Could you write out, exactly, every line from the top of the data through the line holding "据村里老者讲,春耕的第一犁,由一个属当年"? Omit the pictures.

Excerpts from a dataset
□ □ □

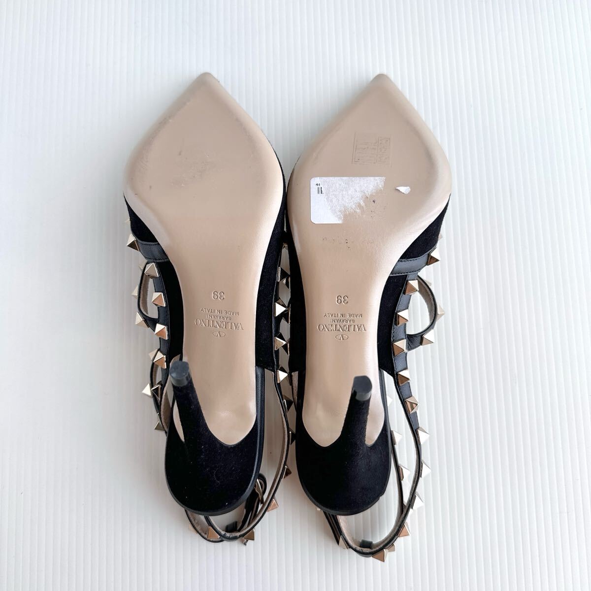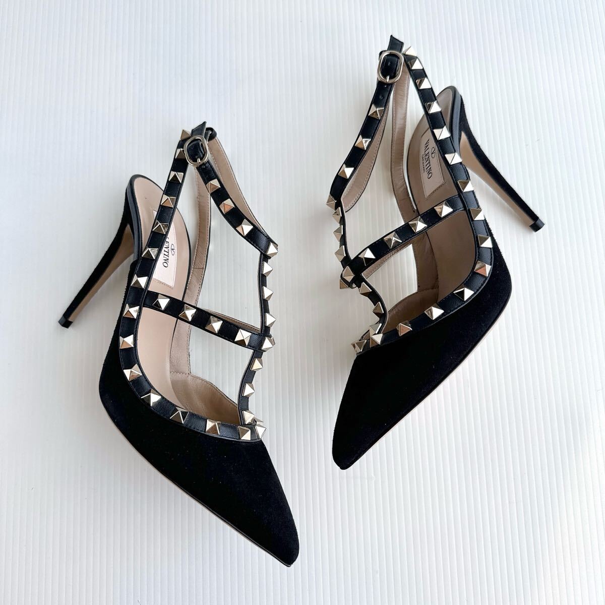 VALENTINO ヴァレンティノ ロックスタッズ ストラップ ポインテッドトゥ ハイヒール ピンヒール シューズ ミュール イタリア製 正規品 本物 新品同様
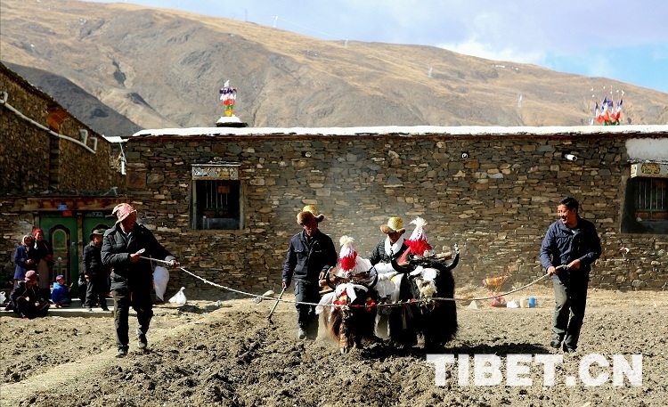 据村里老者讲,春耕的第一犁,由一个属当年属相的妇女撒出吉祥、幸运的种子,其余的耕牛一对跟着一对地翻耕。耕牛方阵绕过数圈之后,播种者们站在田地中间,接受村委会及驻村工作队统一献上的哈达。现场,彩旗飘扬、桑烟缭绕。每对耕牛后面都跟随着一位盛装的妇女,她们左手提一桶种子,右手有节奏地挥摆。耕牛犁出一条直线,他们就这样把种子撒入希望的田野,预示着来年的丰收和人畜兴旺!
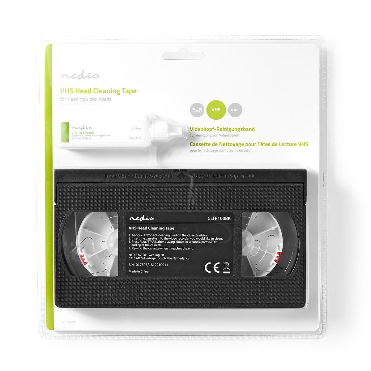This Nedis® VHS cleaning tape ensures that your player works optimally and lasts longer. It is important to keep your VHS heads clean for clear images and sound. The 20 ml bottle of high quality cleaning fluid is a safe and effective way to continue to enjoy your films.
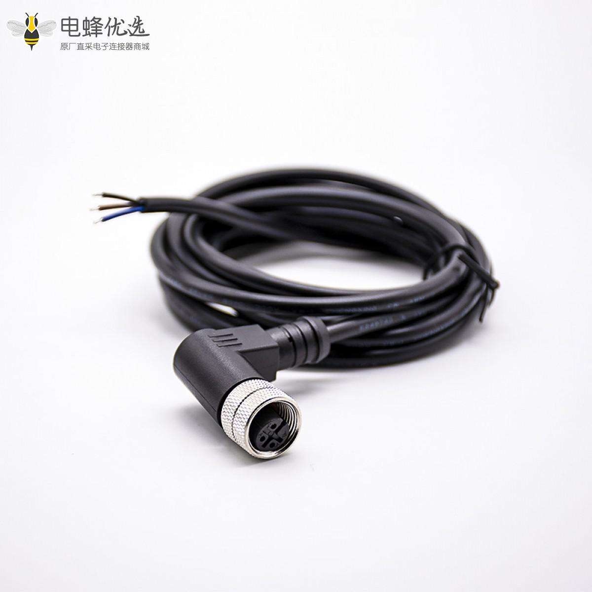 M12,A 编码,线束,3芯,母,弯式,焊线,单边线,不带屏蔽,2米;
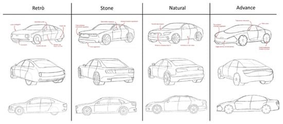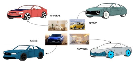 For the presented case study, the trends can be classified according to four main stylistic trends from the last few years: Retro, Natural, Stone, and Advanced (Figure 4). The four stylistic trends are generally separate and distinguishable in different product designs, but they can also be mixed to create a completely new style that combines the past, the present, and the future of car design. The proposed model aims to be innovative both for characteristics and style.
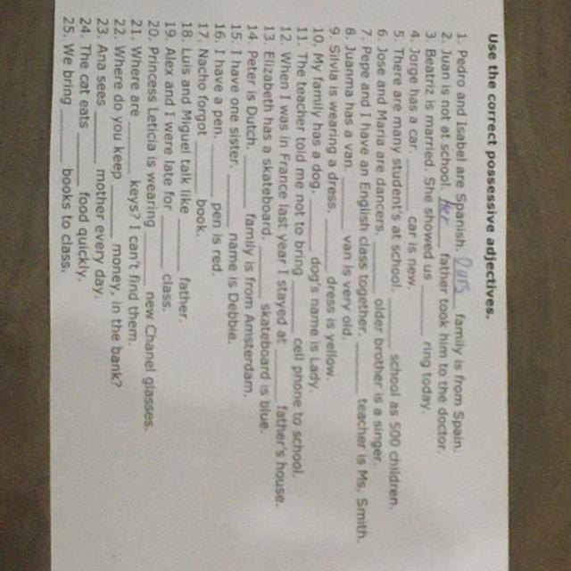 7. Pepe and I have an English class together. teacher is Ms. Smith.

□ □ □

**WRITTEN ANSWER**
 VALENTINO ヴァレンティノ ロックスタッズ ストラップ ポインテッドトゥ ハイヒール ピンヒール シューズ ミュール イタリア製 正規品 本物 新品同様
 据村里老者讲,春耕的第一犁,由一个属当年属相的妇女撒出吉祥、幸运的种子,其余的耕牛一对跟着一对地翻耕。耕牛方阵绕过数圈之后,播种者们站在田地中间,接受村委会及驻村工作队统一献上的哈达。现场,彩旗飘扬、桑烟缭绕。每对耕牛后面都跟随着一位盛装的妇女,她们左手提一桶种子,右手有节奏地挥摆。耕牛犁出一条直线,他们就这样把种子撒入希望的田野,预示着来年的丰收和人畜兴旺!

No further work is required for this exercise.